(Data section Opens)

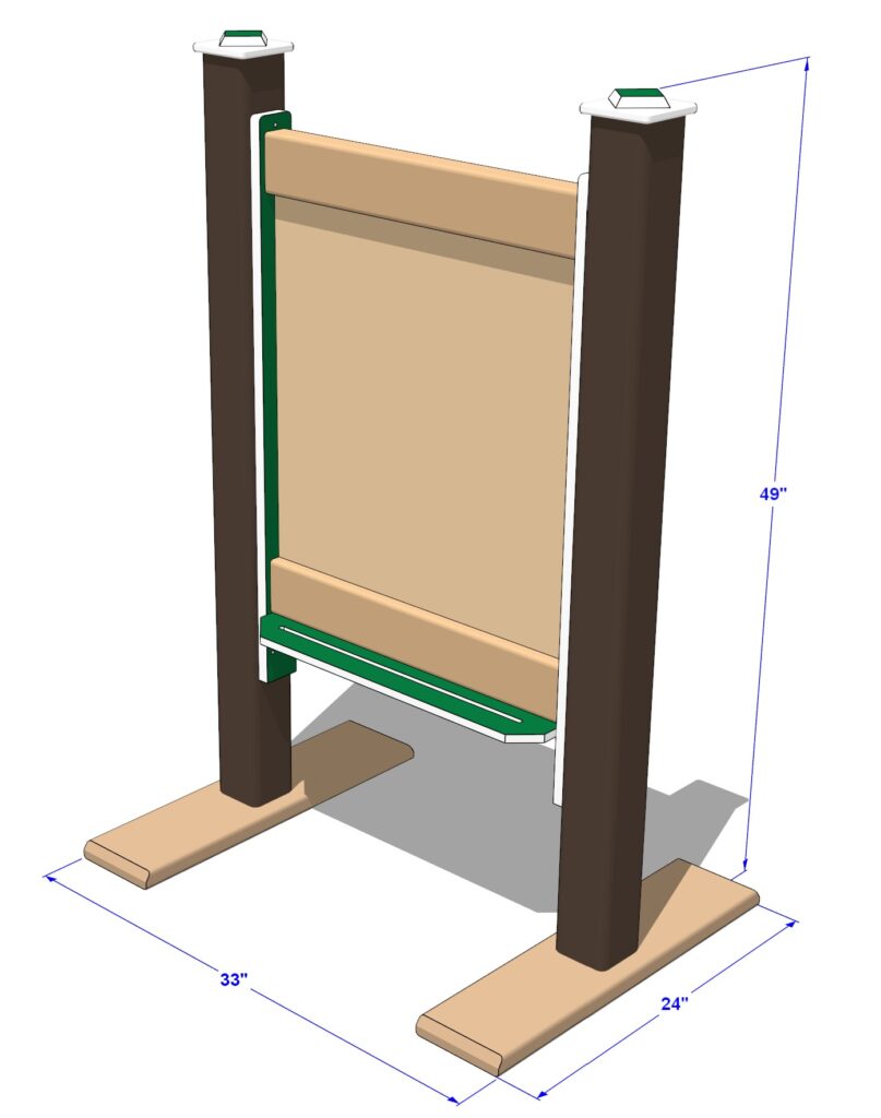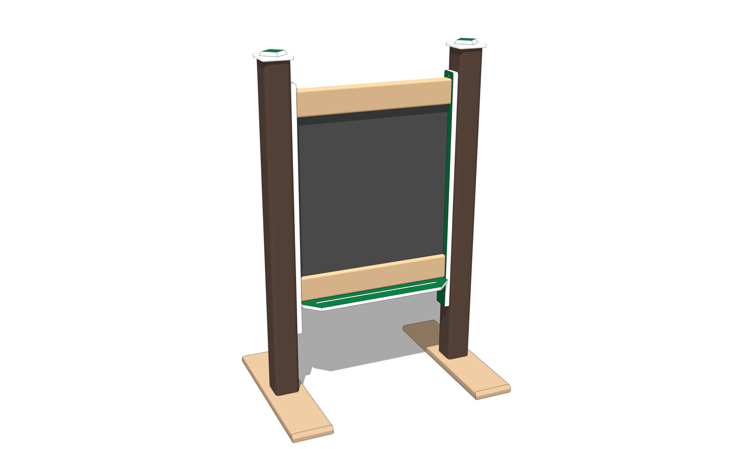 Both durable coatings resist vandals and clean very easily with just water. Trays on each side of the panel provide plenty of storage space for your little artist’s drawing tools.
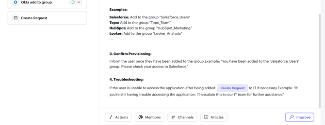 ⚠️ Make sure to use the /Actions button to insert the proper action in your instructions. Only mentioning the action "add to user to the right group" without using the dynamic action, won't be enough for the Agent to execute.
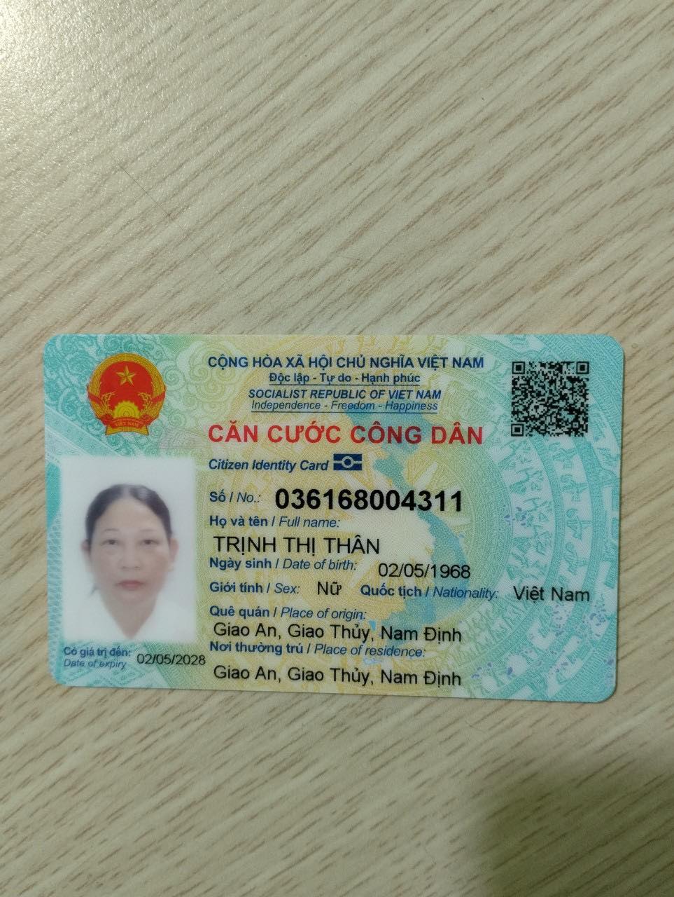 Họ và tên : Trịnh Thị Thân sinh năm 1968
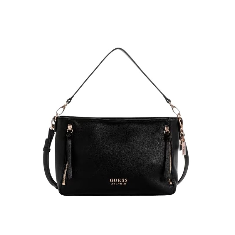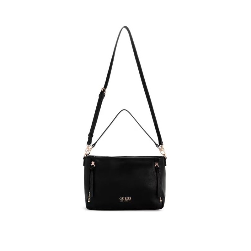 - GUESS Factory Women's Aurore Top Zip Crossbody Pebbled faux-leather crossbody bag Gold-tone hardware and logo emblem Exterior zipper details Midsize silhouette Interior lining and pocketing Shoulder strap with removeable keychain. Detachable crossbody strap. Top zip closure 13"W x 7.75"H x 4.25"D
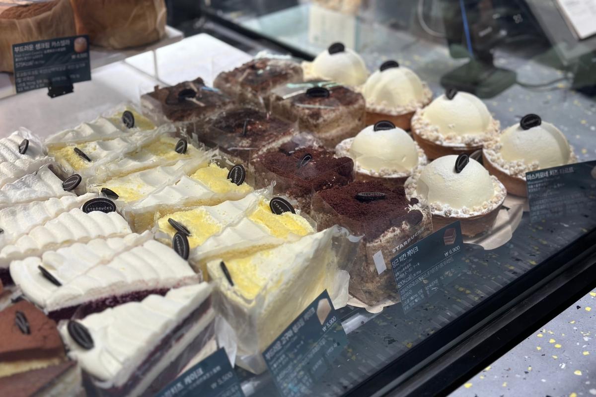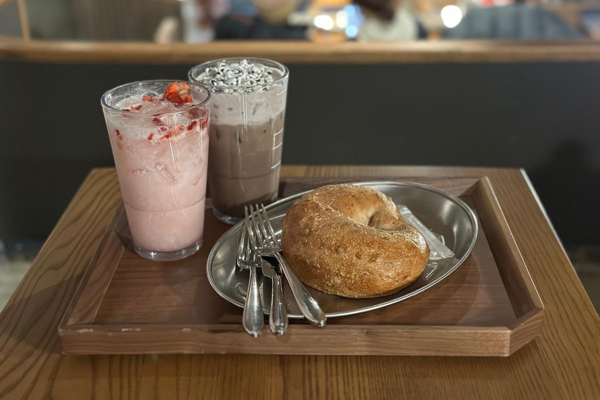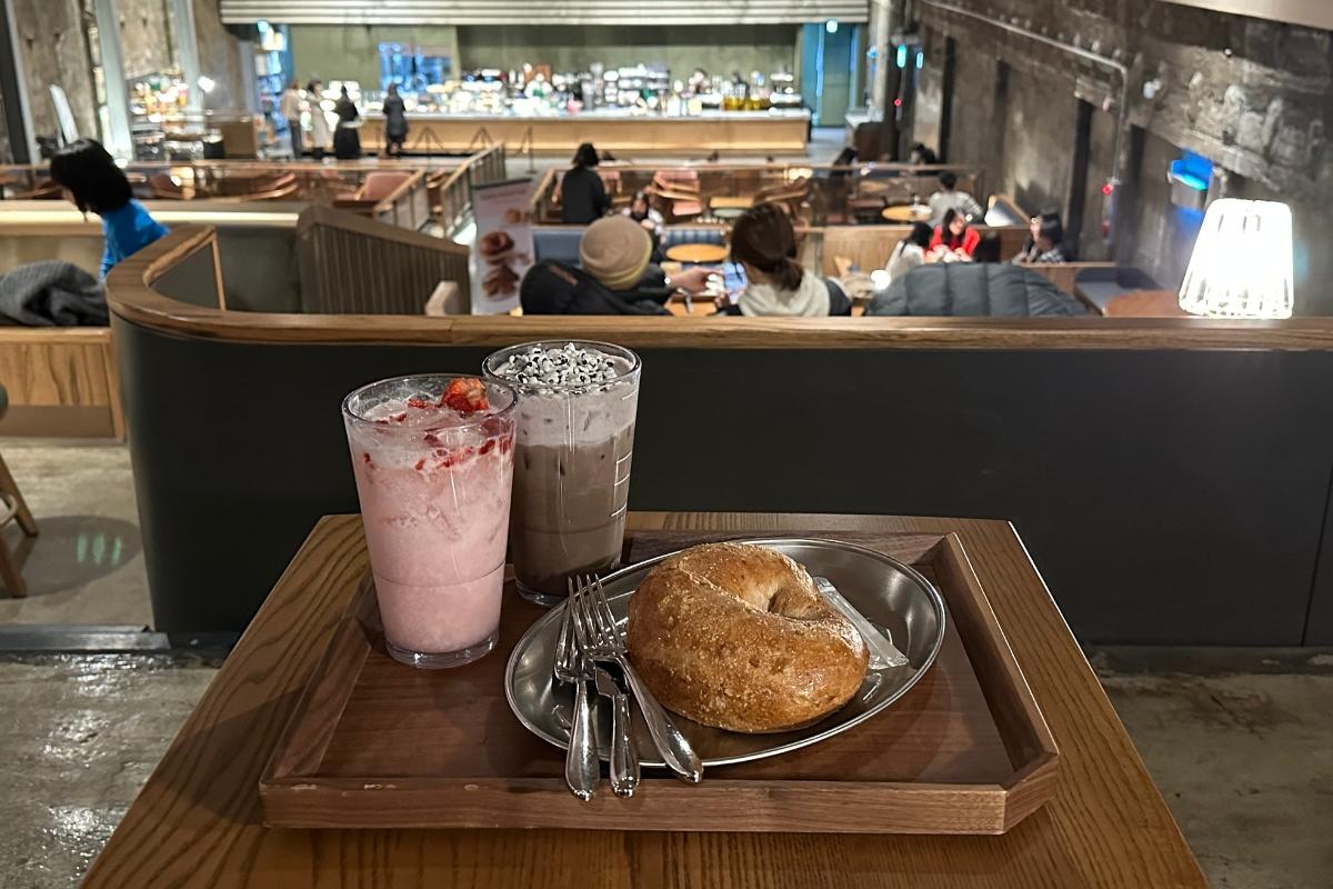 Мы заказали Хани Чиз Волт Бреад (6,900 KRW) с меню особого ресторана Кюнгдон 1960, Мороженый Черный Рис Латте (6,800 KRW) с сезонного меню и Розовый Напиток с Клубничным Асаи Старбакс Рефрешерс (6,400 KRW).
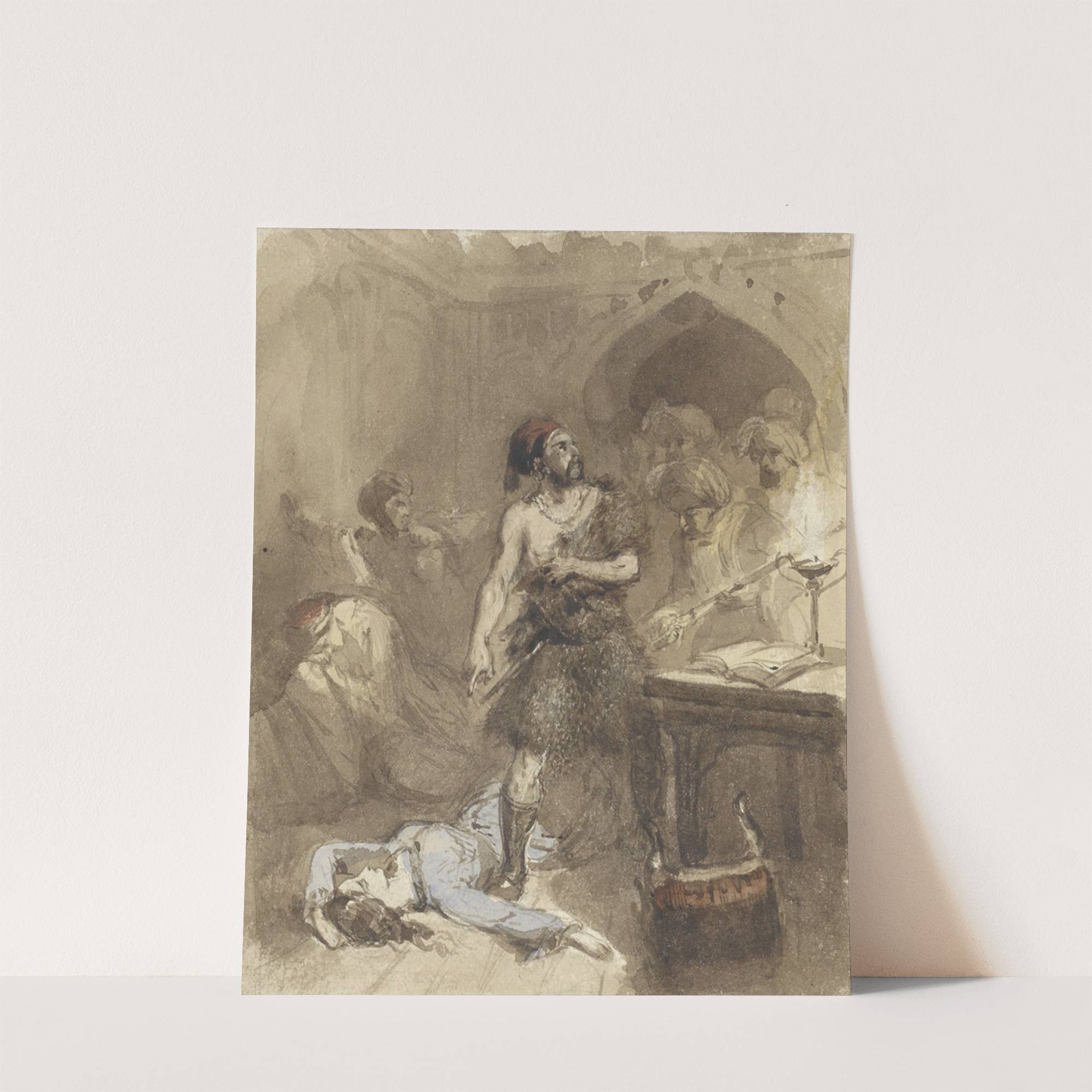 Man en op de grond liggende vrouw in een Moors vertrek by Charles Rochussen - Wall Art Print
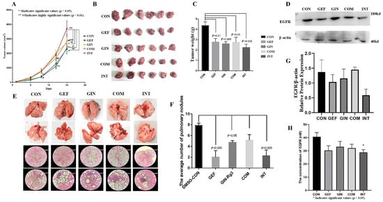 Healthy SPF-grade Balb/c male mice (SPF (Beijing) Biotechnology Co., Ltd., Beijing, China, License No.: SYXK (JING) 2023-0011) were used for the experiments at 6–8 weeks of age, with a body mass of 18–22 g, 12 h/d of light exposure, and unlimited water intake. All animal experiments were approved by the Animal Care and Experimental Committee of Beijing University of Chinese Medicine (No. BUCM-2024062805-2218). The primary tumor model was established using the same method that was reported by Tianhau Liu et al. [46]. A mouse lung cancer model was established by inducing with urethane (0.8 mg/g body weight) dissolved in 0.9% NaCl (saline) twice a week at intervals of 72 h for 5 weeks. For the mouse tumor loading expt, 1 × 106 LLC cells in 100 µL PBS were injected subcutaneously into the right flank of Balb/c mice. Mice were randomly divided into five groups: (1) GIN group received 3 mg/kg ginsenoside Rg3; (2) GEF group received 45 mg/kg gefitinib; (3) CON group received an equal volume of solvent (normal saline with 0.7% DMSO); (4) COM group received 3 mg/kg ginsenoside Rg3 and 45 mg/kg gefitinib; (5) INT group received 3 mg/kg ginsenoside Rg3 or 45 mg/kg gefitinib at sequential intervals. At the end of the experiments, all mice were humanely killed, and lung tissues were photographed and preserved. For the urethane-modeled mice, we counted and enumerated all surface nodules in the upper and lower lobes visible to the naked eye after autopsy (Nodule morphology: white transparent protuberance, hard texture) and reexamined them after fixation in paraformaldehyde. For the Lewis lung carcinoma-bearing mice, during the administration period, tumor volume was measured by a vernier caliper every 2 days. The tumor volume was calculated as follows: tumor volume (mm3) = length × width2 × 0.5.
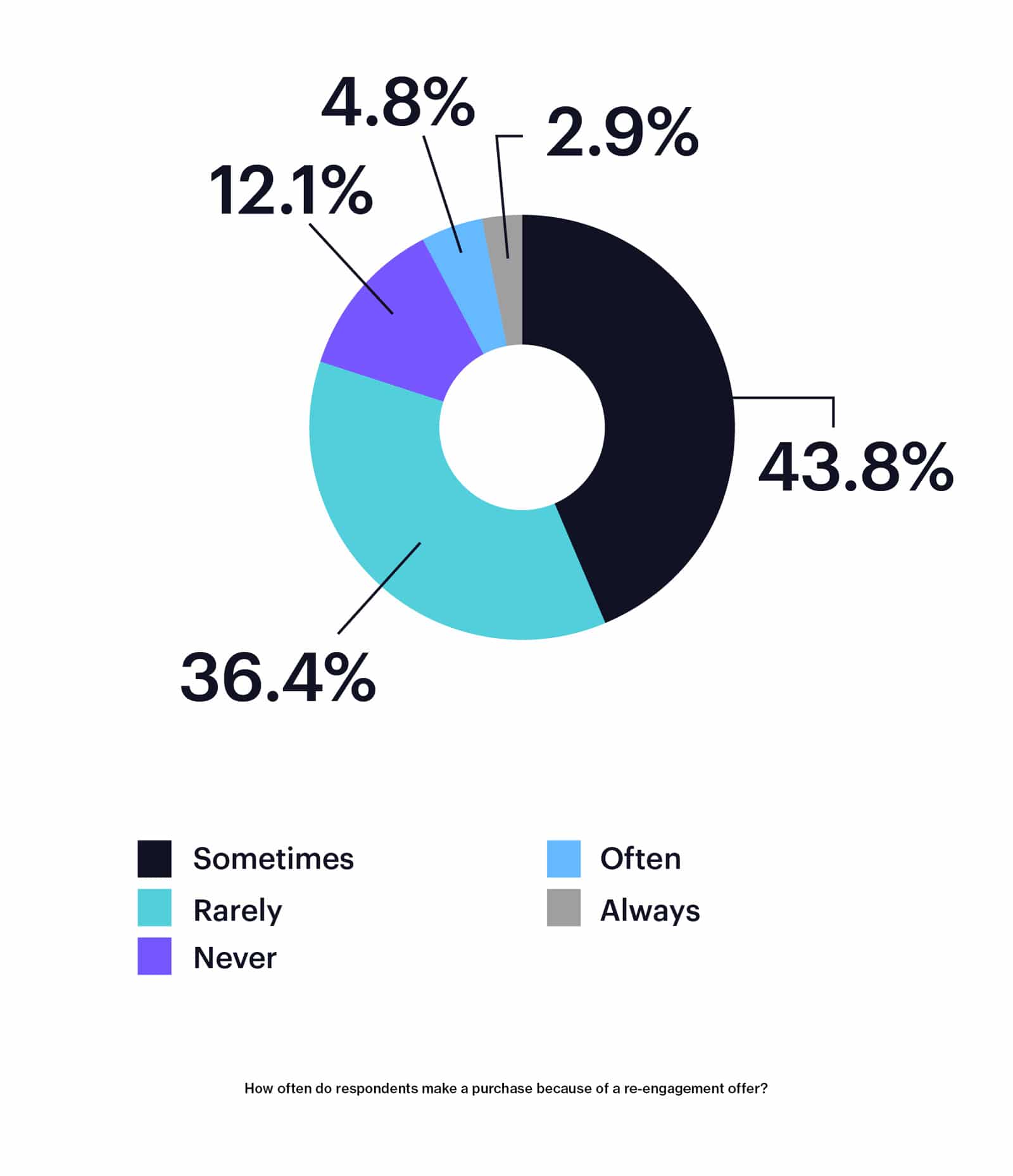 Out of the remaining portion of respondents, 12.1% chose never, 4.8% said often, and finally 2.9% said they always made a purchase after receiving a re-engagement offer.
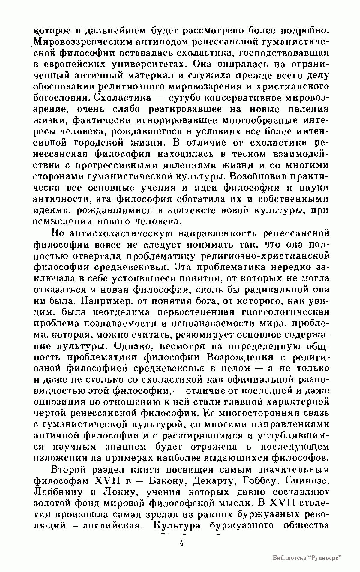 Автор книги анализирует все основные направления европейской философии и учения ее главных представителей с начала эпохи Возрождения до всхода эпохи ранних буржуазных революций в конце XVII в. Рассматривается философское и научное творчество итальянских гуманистов XIV —XV вв., натурфилософов XVI в., большое внимание уделено деятельности наиболее известных философов XVII в. Идеи и учения этих мыслителей составляют неотъемлемую часть философского образования и философской культуры.
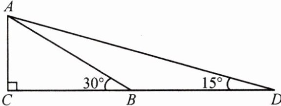 17. 构建几何图形解决代数问题是“数形结合”思想的重要性,在计算$\tan 15^{\circ}$时,如图,在$Rt\triangle ACB$中,$\angle C = 90^{\circ}$,$\angle ABC = 30^{\circ}$,延长$CB$使$BD = AB$,连结$AD$,得$\angle D = 15^{\circ}$,所以$\tan 15^{\circ}=\frac{AC}{CD}=\frac{1}{2+\sqrt{3}}=\frac{2-\sqrt{3}}{(2+\sqrt{3})(2-\sqrt{3})}=2-\sqrt{3}$。类比这种方法,计算$\tan 22.5^{\circ}$的值为(
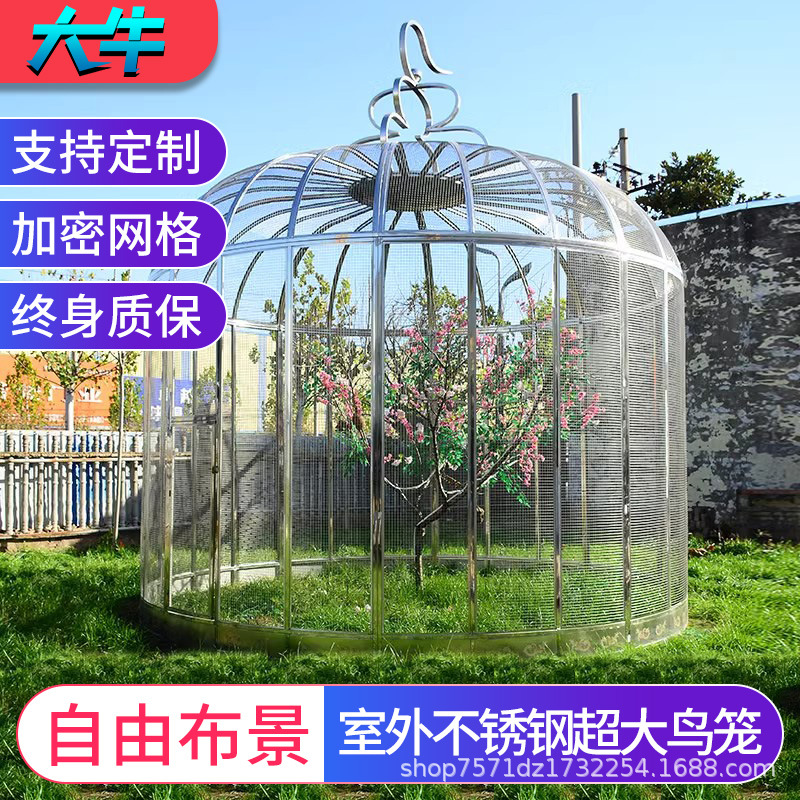 Kandang burung besar besi tahan karat ukuran besar luar ruangan taman Villa Pastoral ekologis burung merak grid kandang burung beo besar
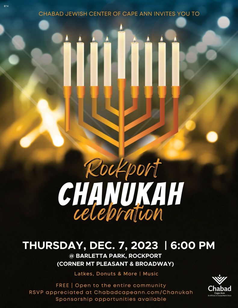 In what has become an annual tradition, Chabad will ignite a public 9-foot Chanukah menorah erected in Downtown Rockport, followed by a community-wide celebration on Thursday, December 7th, the 1st night of the eight-day holiday. The menorah lighting ceremony will include music, Chanukah themed refreshments, such as latkes and doughnuts and children’s activities. Additionally, what started last year and became an annual tradition, there will be a Public Menorah Lighting in Downtown Ipswich followed by a Chanukah party on Sunday, December 10th at 5:00PM.

(Data section Closes)

Repeat the lines exactly as they stand, from the opening line of the data through the line with "Họ và tên : Trịnh Thị Thân sinh năm 1968". Pictures stay out of the copy.

Solution for this task.
 Both durable coatings resist vandals and clean very easily with just water. Trays on each side of the panel provide plenty of storage space for your little artist’s drawing tools.
 ⚠️ Make sure to use the /Actions button to insert the proper action in your instructions. Only mentioning the action "add to user to the right group" without using the dynamic action, won't be enough for the Agent to execute.
 Họ và tên : Trịnh Thị Thân sinh năm 1968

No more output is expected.